Portuguese artist and poet (1920–2020)

Cruzeiro Seixas, full name Artur Manuel Rodrigues do Cruzeiro Seixas (December 3, 1920 – November 8, 2020), was a "man who paints" (the designation of "painter" annoyed him) and a Portuguese poet.

== Biography ==
He attended the António Arroio School, where he befriended Mário Cesariny, Marcelino Vespeira, Júlio Pomar and Fernando Azevedo.

In the mid-1940s it approaches neorealism, which it moves away from when it adheres to the principles of surrealism. Together with Mário Cesariny, António Maria Lisboa, Carlos Calvet, Pedro Oom, João Artur da Silva, and Mário-Henrique Leiria, among others, he is part of the Surrealist Group of Lisbon, resulting from the division of the newly formed surrealist Portuguese movement. He participated in the exhibition of this group in 1949 (1st surrealists' exhibition, Lisbon).
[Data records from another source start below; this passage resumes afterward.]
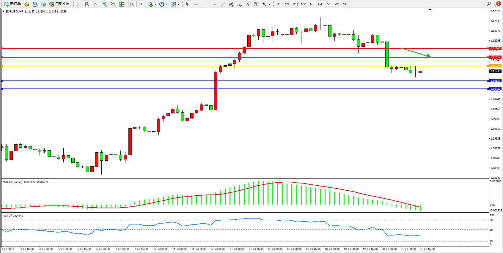 交易策略:1.11375下方看跌,目标1.10957  1.10732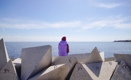 A young woman in a hat on a sunny spring day sits on the breakwaters and admires the sea. Girl in warm clothes on the breakwater.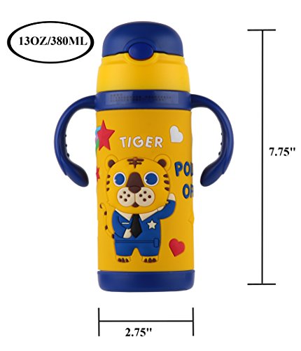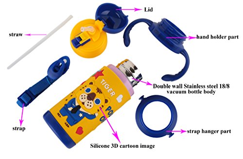 BEST QUALITY - Material: Durable stainless steel18/8 interior and exterior body +FDA approved Silicone 3D cartoon image wrap + FDA approved PP straw + Food grade PP cap and handle. LEAKPROOF. withstand the demands of everyday use.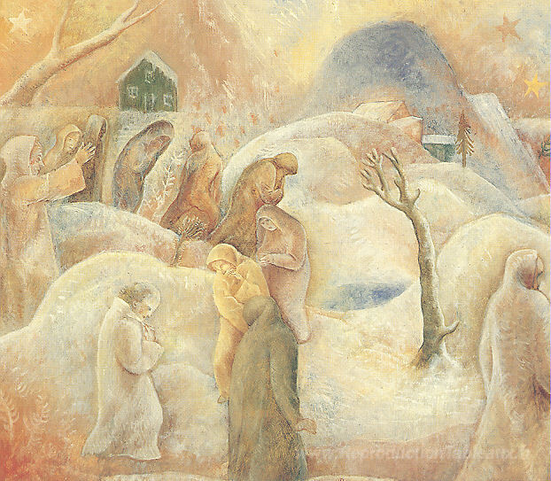 Nous vous proposons une reproduction artisanale sur toile du célèbre tableau 'Pèlerins dans la neige' de Albert Bloch, provenant du Musée de la Reproduction.

In 1950 he enlisted in the Merchant Navy and traveled to Africa, India and Asia. In 1951 he was based in Angola, developing activity in the Luanda Museum. It dates from this time the beginning of his poetic production. It holds the first individual exhibitions, which raise a heated movement of opinion (the first of drawings on the evocation of Aimé Cesaire in 1953; the second mainly of 'objects' and 'collages', 1957).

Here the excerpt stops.